Questions about Vmax Express in relation to E. coli

  • Is Vmax™ Express related to E. coli?

    Vmax™ Express and E. coli are gram negative prokaryotic bacteria. However, Vmax™ Express is derived from a different bacterial species. It is not related to E. coli and represents a novel, alternative host strain for molecular biology.
  • Do you have any data comparing protein expression in Vmax™ Express cells and E. coli?

    In nearly all instances we have examined to date, recombinant protein expression in Vmax™ Express cells is superior (e.g. expression is faster, proteins exhibit increased solubility, larger quantities of biomass and protein are generated) in comparison to the expression of the same recombinant proteins in BL21 cells.
  • My protein is expressed as an inclusion body using E. coli. Will it be soluble in Vmax™ Express?

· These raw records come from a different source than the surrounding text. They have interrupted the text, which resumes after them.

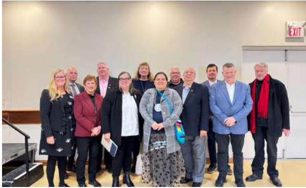
State of Lambton
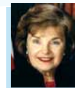
Senator Dianne Feinstein (D-CA) 2008

Each year, Senators and Representatives, along with D.C. business leaders and media personalities, show off their acting skills as members of the cast of Will on the Hill. Over the past three years, 45 Members of Congress have served as Honorary Co-Chairs or performed on stage at Sidney Harman Hall in this humorous benefit that provides much-needed support for the Company's artistic, education and community outreach programs.
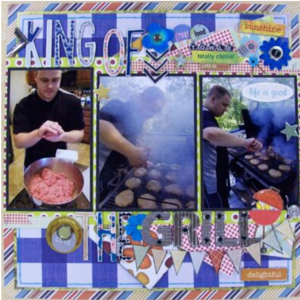
Layout by Justowen
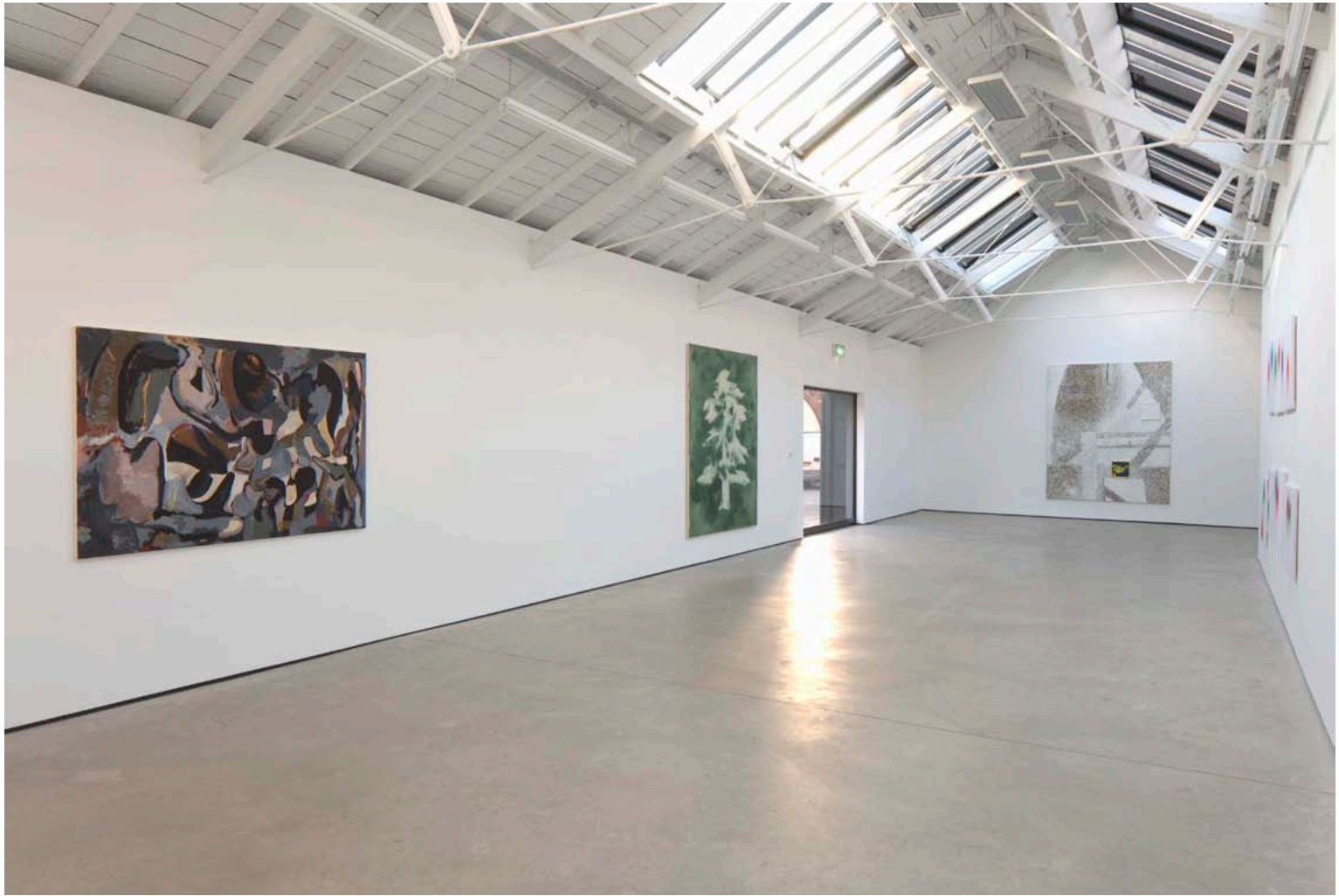
Pádraig Timoney Installation view Shepard Tone, The Modern Institute/Toby Webster Ltd, Glasgow, 2012
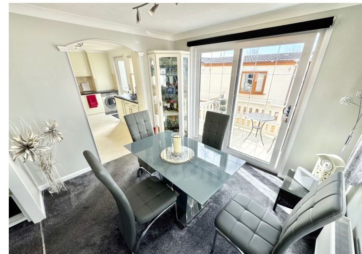
Willow Park, Lochlibo Road, Burnhouse, Beith
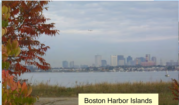
Boston Harbor Islands
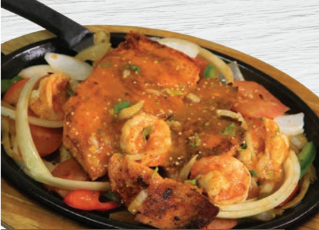
SALMON A LA PLANCHA

Tender shrimp sautéed with onions, bell pepper & tomatoes. Served with guacamole salad $15.99
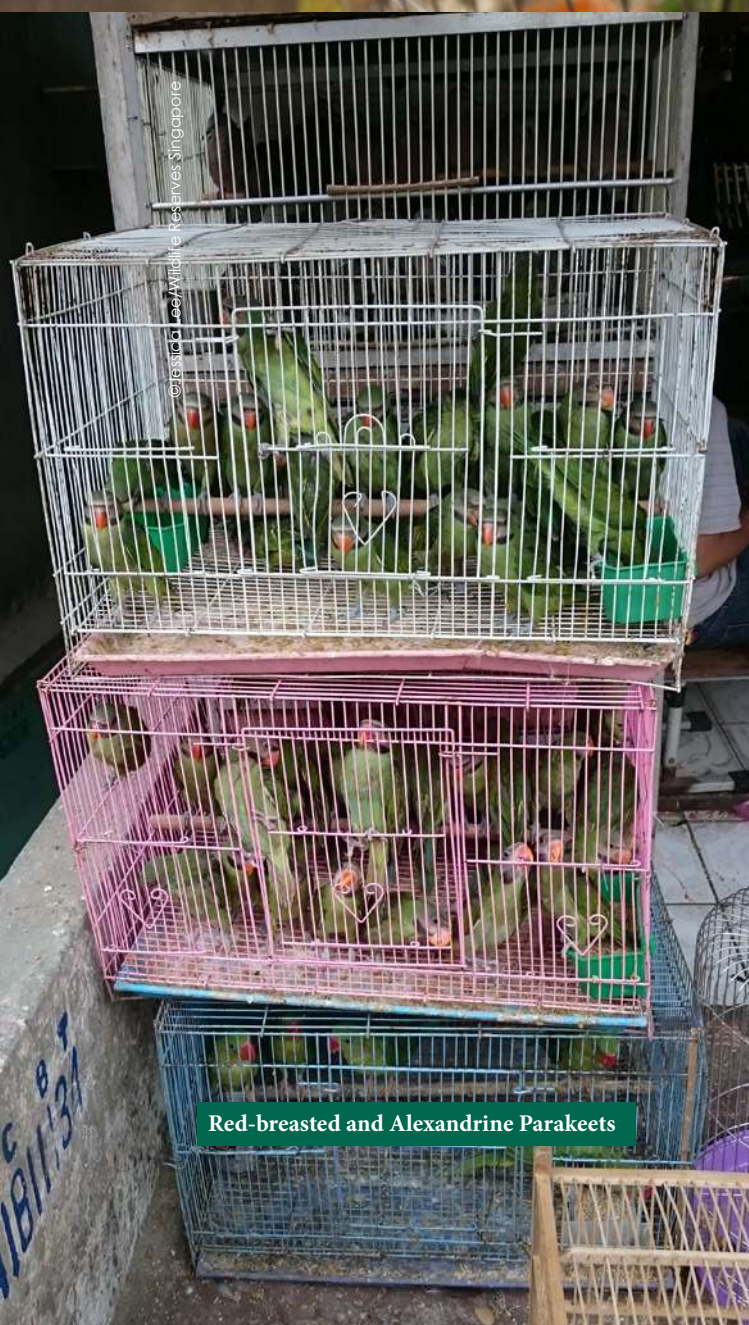
Red-breasted and Alexandrine Parakeets
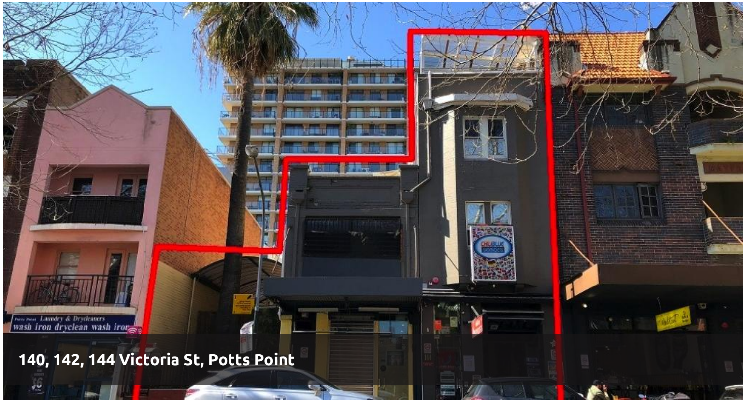
140, 142, 144 Victoria St, Potts Point
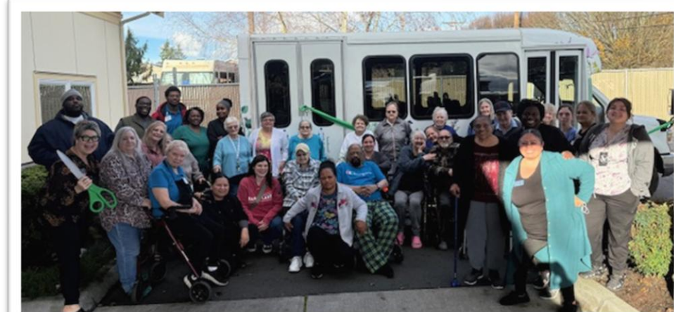
Ribbon Cutting for our new Bus
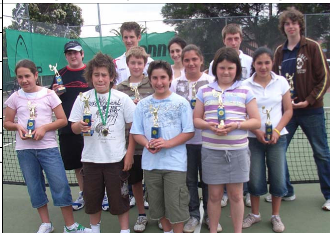
Season 2 2007 Trophy Winners
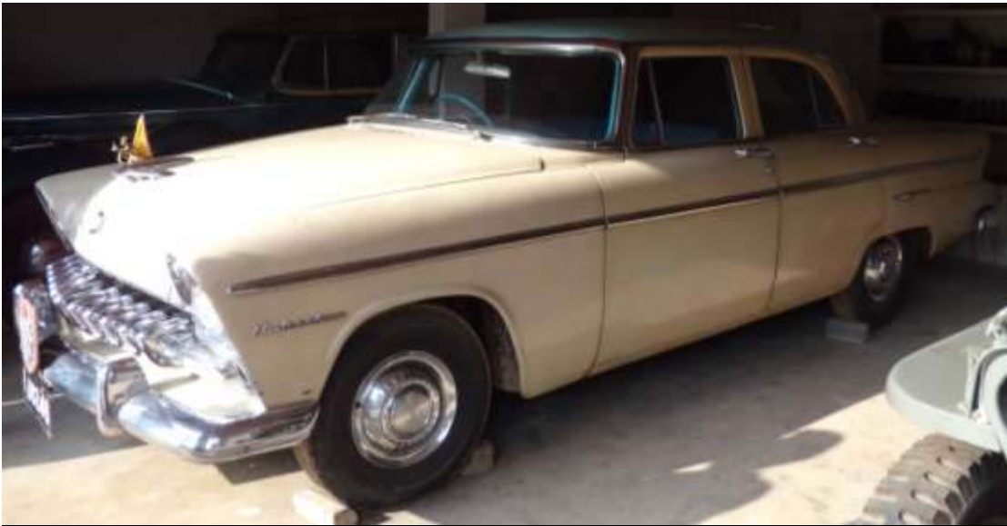
A 50's Classic in its original state.

through the generations; stuffed tigers behind the reception room couch, trophy heads of animals now hunted to near extinction, room after room fitted with magnificent furniture and walls covered in painted portraits of generations past sporting magnificent moustaches and turbans, all standing to attention in prim and proper order, looking both powerful and elegant.
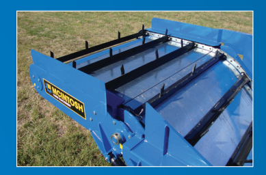
The trough feed arm extends to 2040mm from the centre of the tractor. A hydraulic ram raises the extension to help get through gates
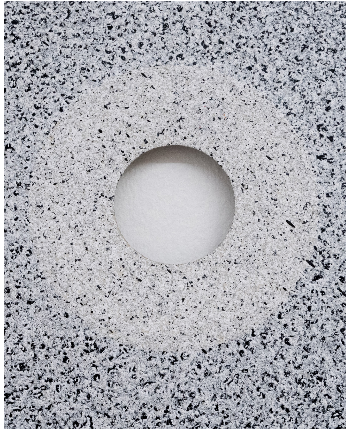
Doris Guo Without title (detail) , 2022 lacquer paint, PVC 7" ø
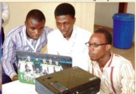
Google Team at the Exhibition Stand
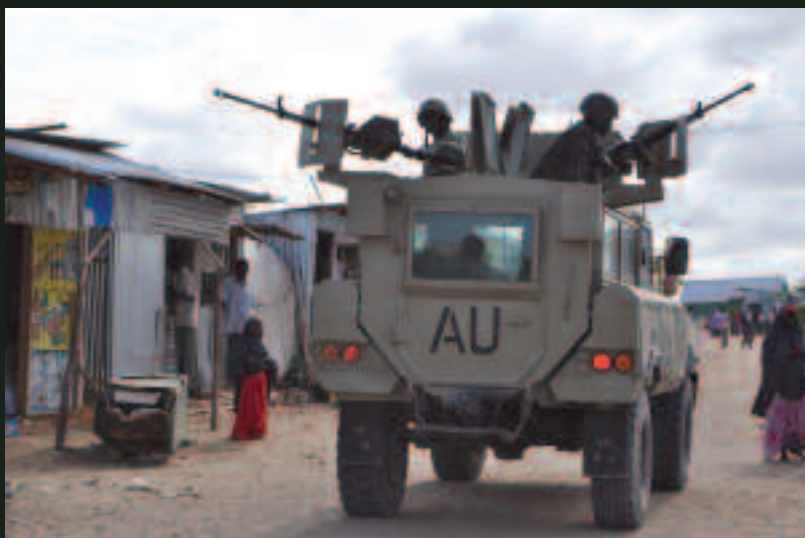
AMISOM troops patrolling the Zona-K camp for displaced people in Mogadishu's Hodan district in June 2012.

Human Rights Watch urges troop-contributing countries to appropriately punish perpetrators and ensure survivors are adequately supported. It calls on the AU and AMISOM to foster an organizational culture of “zero tolerance” of unlawful activities on their bases. International donors should closely monitor AMISOM and take action when AMISOM forces are committing sexual exploitation and abuse and when the relevant authorities have failed to take the necessary corrective measures.
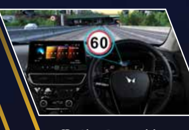
Traffic Sign Recognition
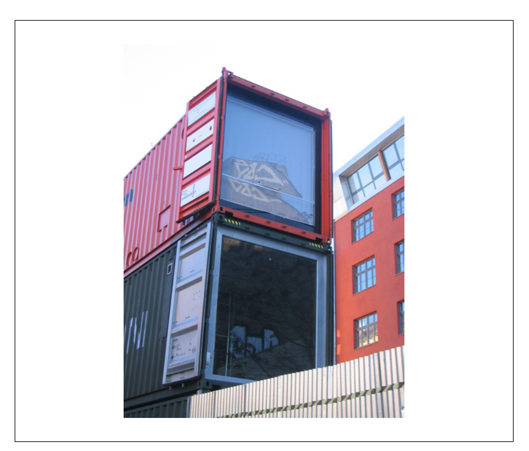
Figure 18.
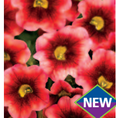
SUPERBELLS® Coralberry Punch Calibrachoa hybrid USCAL6604' USPPAF CanPBRAF
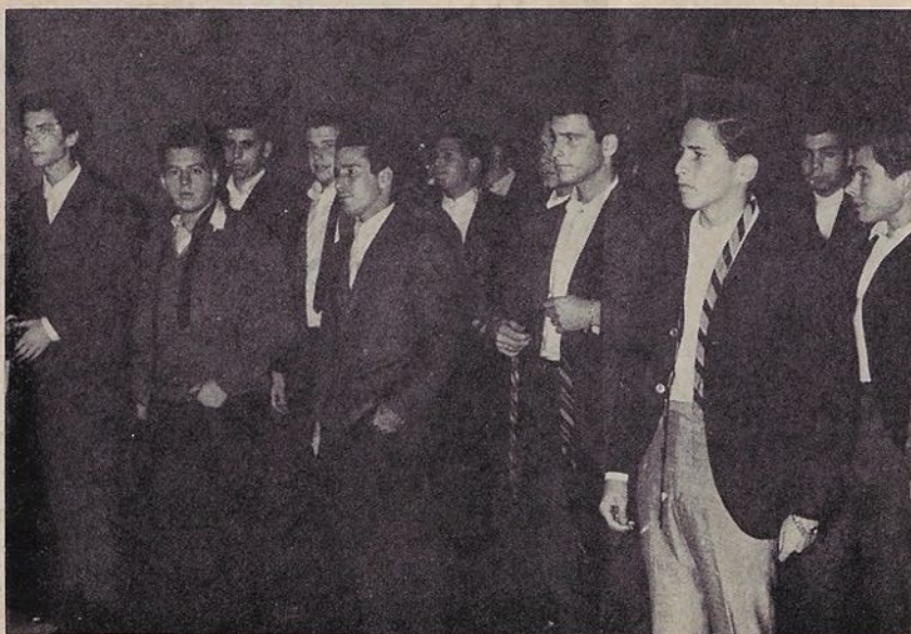
Pledge class initiated by Phi Lambda.
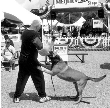
The IDOC K-9 Unit provided daily performances at the Illinois State Fair.

The Illinois Department of Corrections (IDOC) featured a large display located in the Happy Hollow area of the Illinois State Fairgrounds. The fair was held Aug. 11 through Aug. 20. The IDOC display featured the Operation Spotlight Parole Reform Program, the Sheridan Drug Prison and Reentry Program, Women and Family Services programs, Industries, a PowerPoint presentation providing an overview of IDOC programs and more. Performances of the Tactical Team, K-9 Unit and Helping Paws Dog Training Program were held.
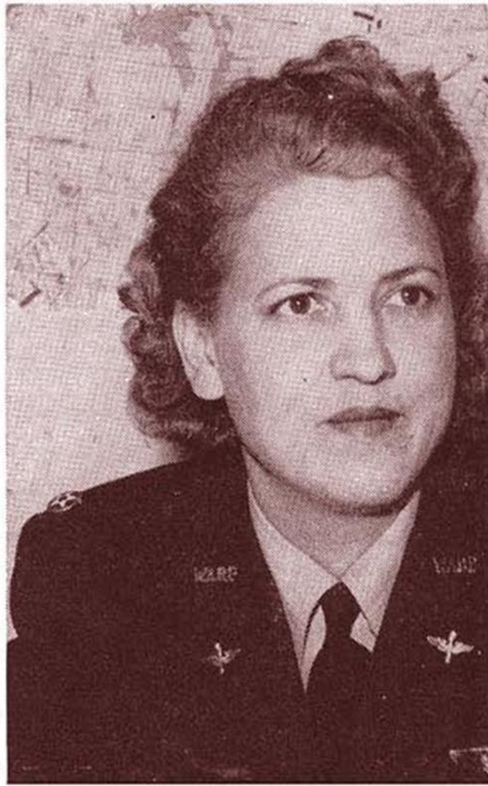
MISS JACQUELINE COCHRAN, Director, Women Pilots Program
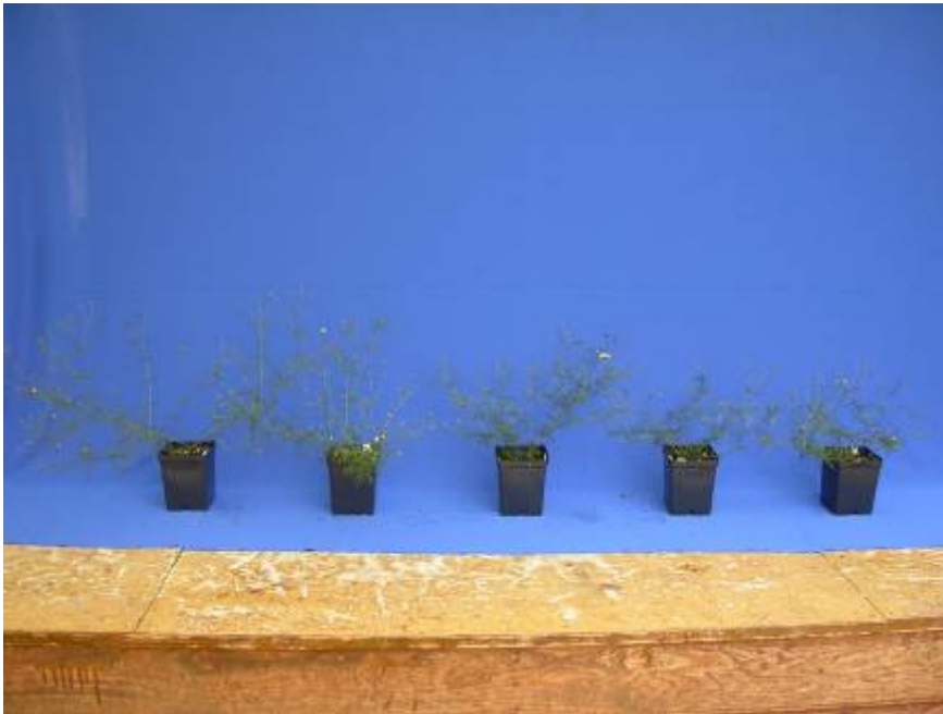
Concise @ 0, 15, 30, 45, 60
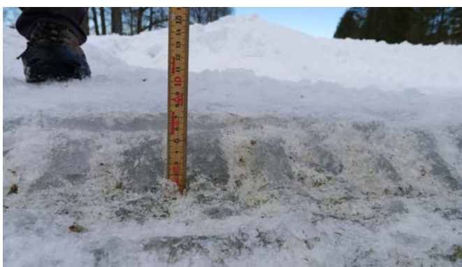
Under a snow cover 7 cm of solid ice had formed on top of this green. Ice with a high content of air pores is white. Solid ice is transparent.
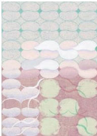
i-i , 2018 acrylic on paper 29.7 x 21 cm £800
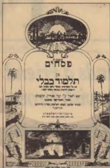
TALMUD'S TITLE PAGE

There's no chance of overlooking the origin of this edition. At the bottom of the title page is a grim illustration, framed by barbed wire, of two prisoners picking up a corpse in a death camp. It includes the sadly apt words from Psalm 119: "They all but obliterated me from the Earth, but I forsook not thy precepts." But the barbed wire leads up to palm trees and a por-
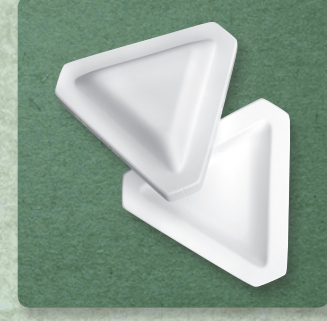
CD-775 Triangle, 1"H x 5" D
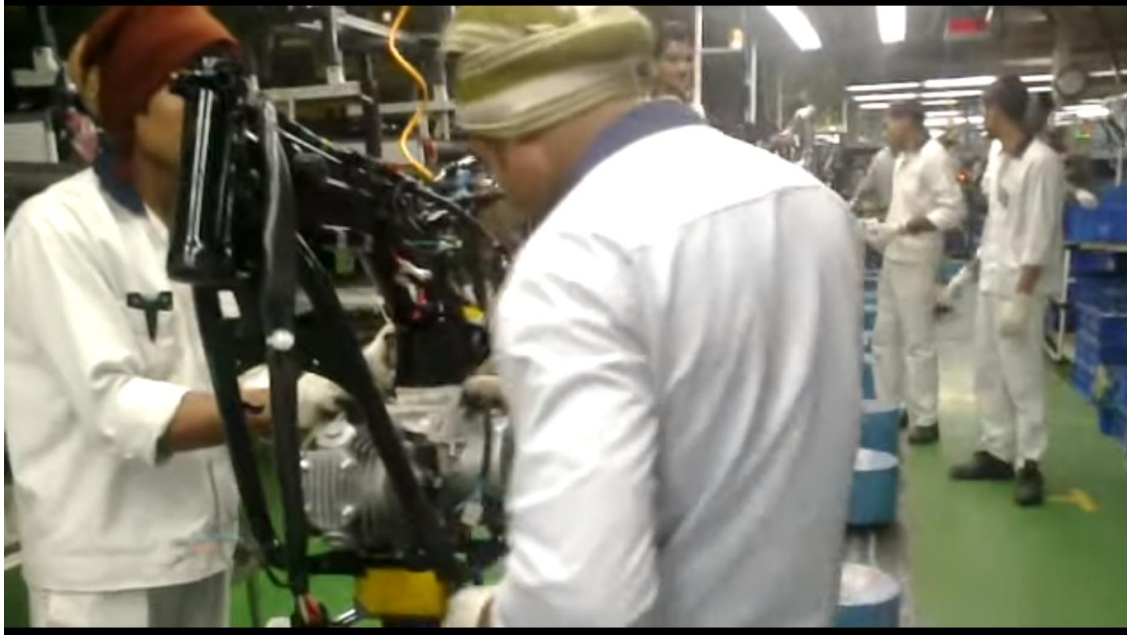
Manufacturing process of Hero Motor Limited
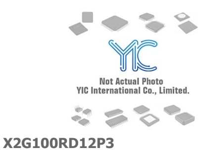
XiPos IGBT Modules
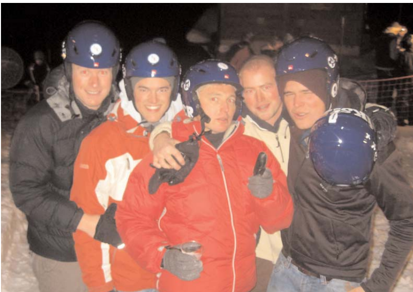
Team Ski Higher - 2nd place losers
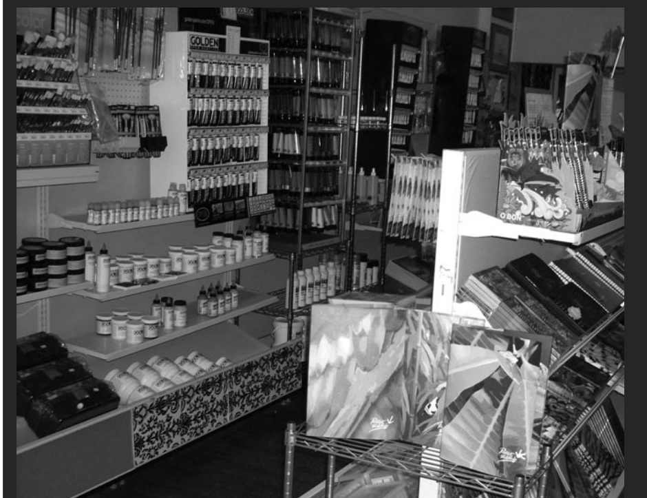
Newburgh Art Supply, on Liberty Street in the city's historic district, carries an array of paints, brushes, paper and other supplies.
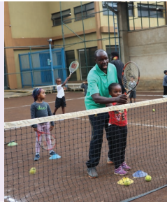
◦ Tennis ◦
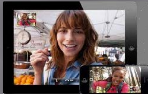
Face-to-face mobile video chat
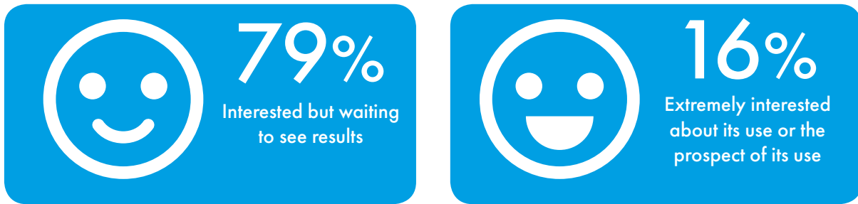
Figure 5: What is your attitude about the use of AI in managing your wealth?

Percentage of HNWI's surveyed who agree or strongly agree with the following:

    We are able to express proteins in Vmax™ Express that do not express in E. coli. However, as each protein and set of expression conditions are unique, it is not possible to guarantee that a protein that is insoluble in E. coli will be soluble in Vmax™ Express. Regardless, Vmax™ Express is a novel host and may alleviate the solubility challenges associated with E. coli.
  • We find that protein expression in E. coli is improved with longer (overnight) and cooler (~20°C) expression incubations rather than maintaining cultures at 37°C after induction. Are there analogous data for Vmax™ Express?

    For optimal growth, express proteins in Vmax™ Express at 30°C. If needed, lower temperatures can be used as Vmax™ Express can grow at temperatures as low as room temperature and as high as 45°C.
  • How does Vmax™ codon usage compare to E. coli?

    Although Vmax™ has a different codon usage distribution than E. coli, the differences are minor. Proteins optimized for E. coli do not need to be re-optimized for Vmax™ Express. If you are preparing a new construct for expression in Vmax™ Express, codon optimization to Vmax™ Express may be beneficial. A codon usage table comparing Vmax™ with E. coli is available on the SGI-DNA website
  • Should I modify my lysis and pelleting steps (shorter/longer sonication/centrifugation compared to BL21)?

    Vmax™ Express is a gram-negative bacterium, similar to E. coli. Lysis conditions used for E. coli are sufficient. Vmax™ Express lysis does not require the addition of a nuclease since Vmax™ Express cells do not exhibit viscosity due to the release of genomic DNA that tends to be troublesome in BL21(DE3)pLysS cells.
  • Are proteins in Vmax™ trafficked differently from E. coli? Are the recombinant proteins expressed in Vmax™ found in the cytoplasm or the periplasm?

    Like E. coli, proteins with N-terminal secretion tags can be directed to the periplasm through the Sec or TAT pathways.
  • Does Vmax™ use a starting methionine like E. coli?

    Yes, Vmax™ starts protein synthesis with an initial Methionine residue similar to E. coli.
  • How well does Vmax™ retain plasmids over time?

    Plasmid retention depends upon many factors including the specific origin of replication, and the degree to which the DNA cloned into the plasmid poses a metabolic burden and/or toxicity to the cell. We know that RSF1010-based plasmids are generally very stable, and can be found in a cell population in the absence of antibiotics for several passages. It is much easier to cure plasmids based on the pUC19 or p15a origins (plasmid-free colonies can be isolated by screening a handful of clones after 1-2 passages).
  • Why are proteins more soluble in Vmax™ Express?

    The specific properties of Vmax™ Express that allow proteins to be more soluble are not well understood at this time. Because Vmax™ is a different species, the intracellular environment is different from other bacterial strains used for protein expression. These differences appear to allow Vmax™ Express to produce high levels of soluble protein.

    Although we have observed that a number of proteins are highly expressed in active, soluble form in Vmax™ Express but are directed to insoluble inclusion bodies in E. coli, we do not expect that this will be the case for all proteins.